Understand your market, know the competition (AKA never skip domain research and competitive analysis…)

Design team discussing research plan

UX and UI designers are experts at empathising with users – who may be customers, students, patients, or employees using the product we are designing or optimising. Although many of us bring expertise from a past life into our work, it’s likely that we will not know a huge amount about the sector or vertical we are working in when we take on a new project. This is a significant knowledge gap when it comes to forming initial hypotheses and planning how we will conduct research for the project, so before an interview takes place, or pen touches sketchpad, it’s really valuable to do a bit of desk research.
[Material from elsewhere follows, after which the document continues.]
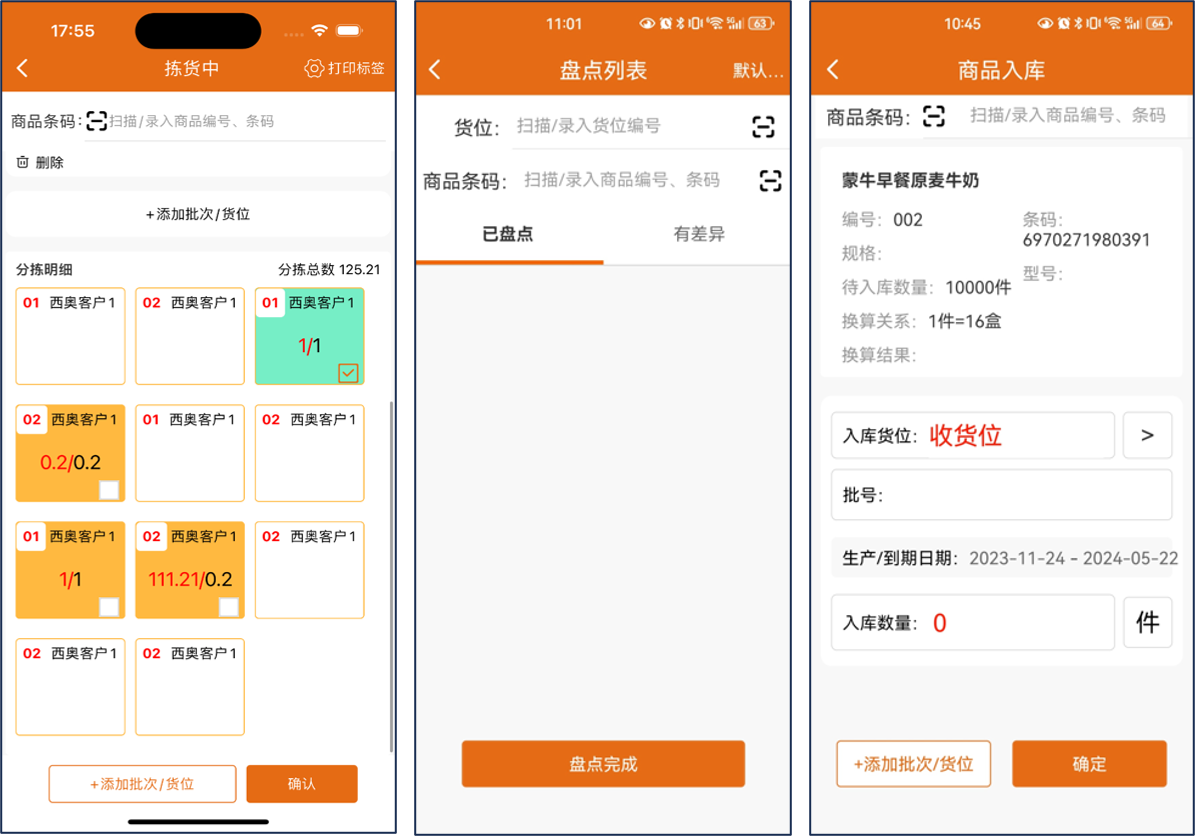 快馬倉配手機端模擬燈光揀貨、盤點、掃碼入庫局部截圖

UX research aims to build a balanced picture of the needs and wants of the user, collecting quantitative (concrete, often statistical) and qualitative (experiential, inconcrete, anecdotal) data, at both macroscopic (high level, big picture, large scale) and microscopic (fine detail, smaller scale) levels of scope. Many of these research methods are implemented (with slight tweaks) from social scientific research methodology. 

Domain research:

There are a few questions you can keep in mind when conducting domain research:

Are there any emerging trends in the specific market?

Is the need for this product on the rise?
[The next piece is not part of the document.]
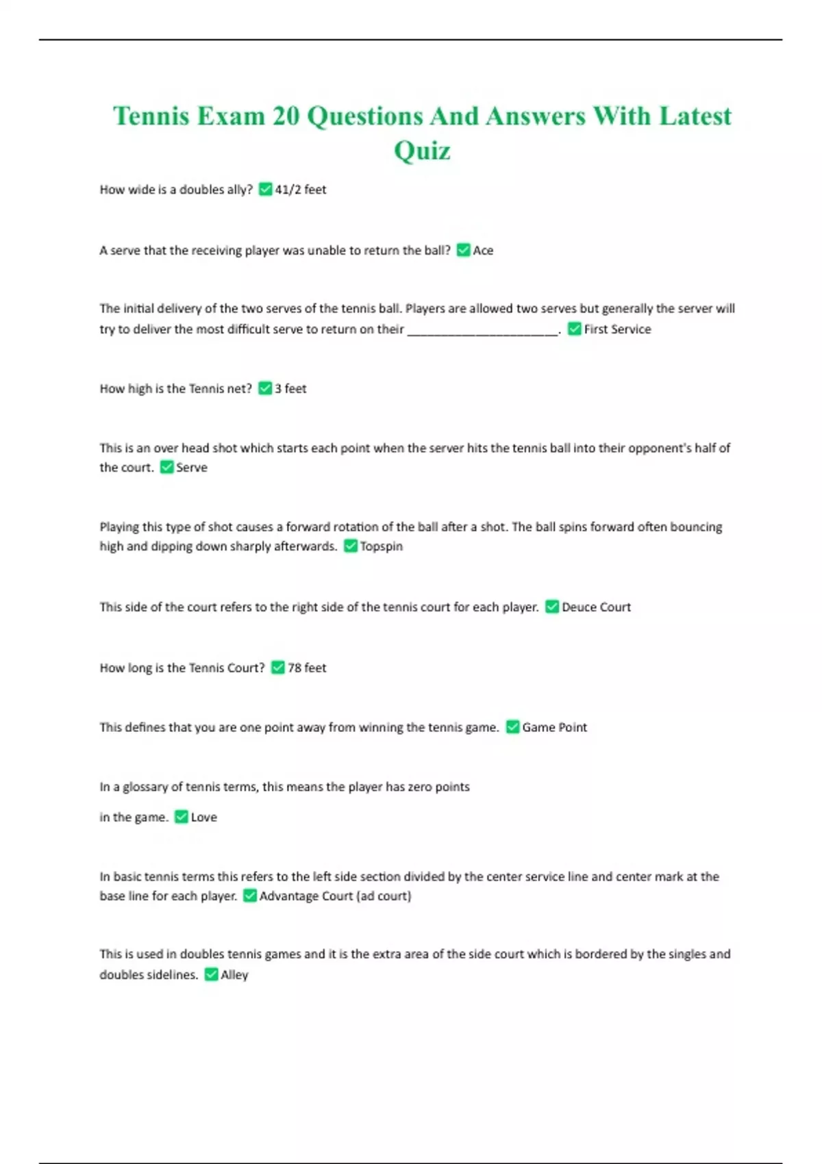 Tennis Exam 20 Questions And Answers With Latest Quiz Tennis Exam 20 Questions And Answers With Latest Quiz

Who is currently dominating this market?

What are people using?

Is this a saturated market?

Should this be mobile or web first?

Competitive analysis:

For competitive analysis it is really helpful to take a few direct competitors – especially ones that are currently leading the market in some way – and a few indirect competitors who are succeeding in an area we would want this product to succeed in. The analysis itself is a binary assessment of the content, style, format, and processes these competitors have in place. 
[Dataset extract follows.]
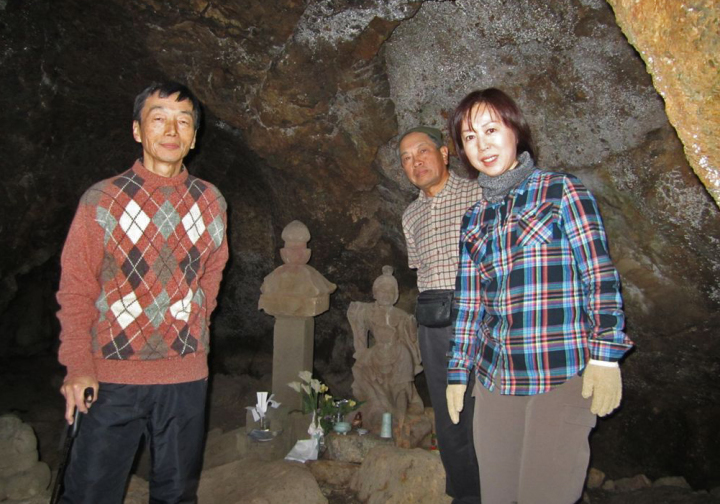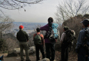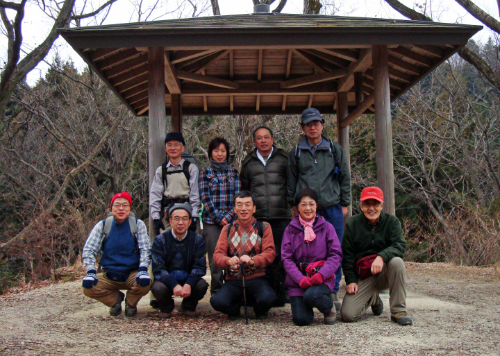 弁天洞窟では交代で全員が中に入る。昨日まで冬晴だったが今日は生憎の曇空で、弁天山から遠望は効かず、眼下に山田大橋やイオンモールが見える程度だ。佐々木氏が中嶋氏に電話するが、歩いているようだ。しかし、この後は電話が通じない。網代城山では葉が落ちた広葉樹の間から昨秋歩いた長淵丘陵が見える。車道に下り、左上の前山公園を歩き、小峰公園に入る。八坂神社を経由して桜尾根を登り、北方の展望が得られる東屋で昼食。今日は卯年の新年山行でもあるので、全員でジャンプした写真も撮る。

Domain research and competitive analysis contribute to our understanding of the product’s position in its market and sector (at a macro scale) by gathering concrete (quantitative) data, helping the researcher and designers to contextualise the product. The competitive analysis is particularly useful in picking up design features that already work and noticing gaps in the market – which can really inform the direction we want to take the product in.